28. The conclusions reached by the tribunal on the head of rehabilitation is certainly not in accord with the principles laid down in the decisions.
29. Sri M.R. Narayanaswami, learned Counsel for the employers, contended that even making every allowance demanded by the workmen it is impossible that there could be that amount of surplus to justify the grant of three months' additional bonus. He argued that three persons are entitled to share in the surplus: the management, the workmen and the shareholders. Even assuming that all the contentions of the workmen with regard to the calculation of the surplus are correct, that could still not yield that amount of surplus which would justify the grant of additional bonus of three months' salary. That may be so. It is true that the workmen have claimed bonus for three months. But what the tribunal is called upon to determine is the quantum of surplus available according to the formula of the Labour Appellate Tribunal and thereafter to determine what amount of bonus could be given to the workmen. Whether it is three months' bonus as demanded by the workmen or less would depend upon the ascertainment of the surplus. Sri Narayanaswami's argument only suggests that the claim of three months' bonus is extravagant and cannot possibly be met. That, as I said, might be so. But, if, on the actual working of the surplus, the workmen are entitled to some bonus, whether it be fifteen days' wages or one month or more, that bag to be granted. What is important is the ascertainment of the surplus.

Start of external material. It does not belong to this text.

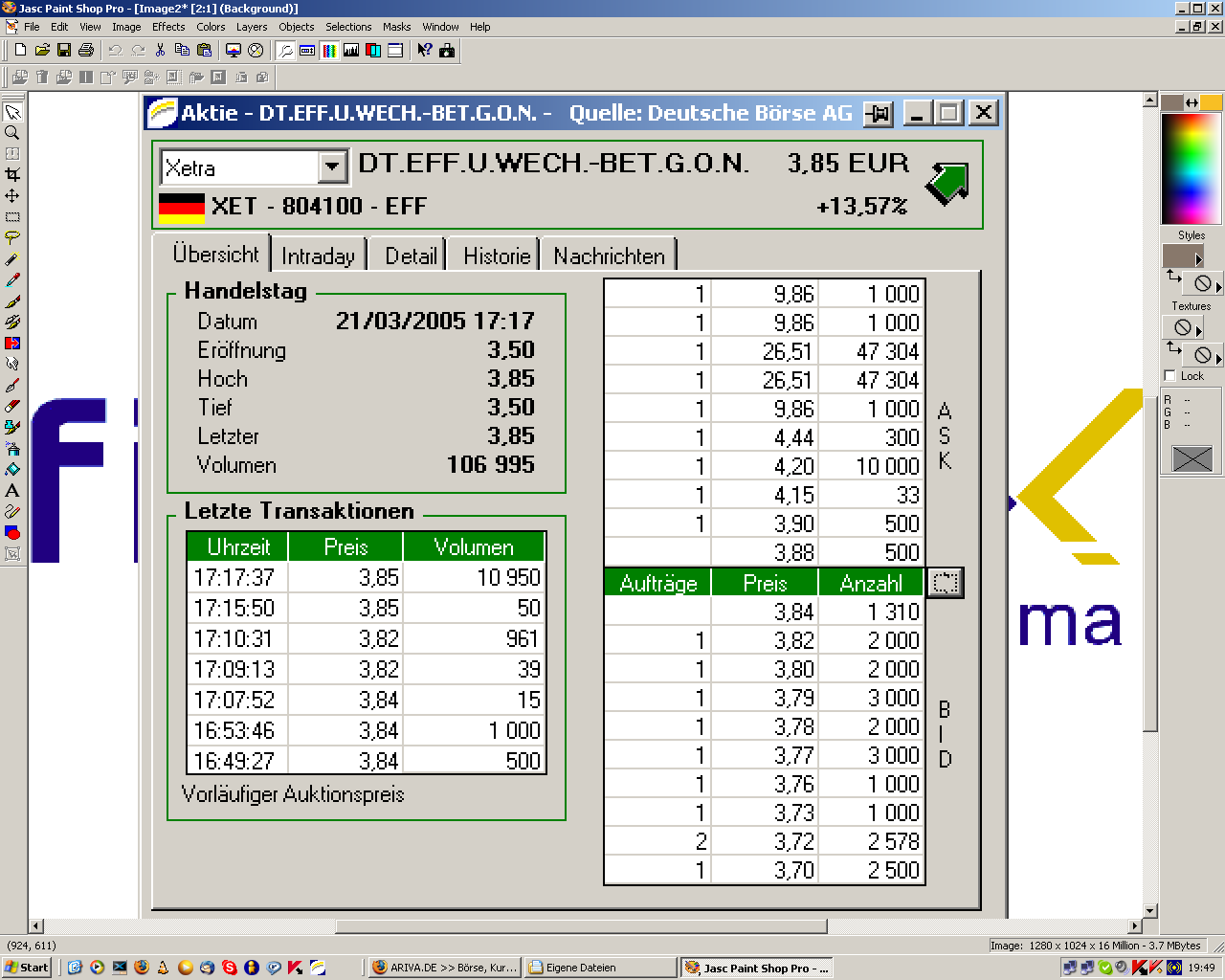 Wie einfach es ist, die Meute vor sich her zu jagen, wird uns doch live vorge- führt: heute bei JENOPTIK (runter) und bei DEWB (rauf). |

30. At least on two points, viz., on the question of rehabilitation and the allowances for the return on reserves used as working capital, the tribunal has erred and its conclusions are inconsistent with the decisions referred to above. It follows, therefore, that the award of the tribunal has to be quashed. The tribunal will reconsider these two questions in the light of the observations contained herein and make such orders on the reference, as may be justified.
31. The writ petition is allowed but there will be no order as to costs.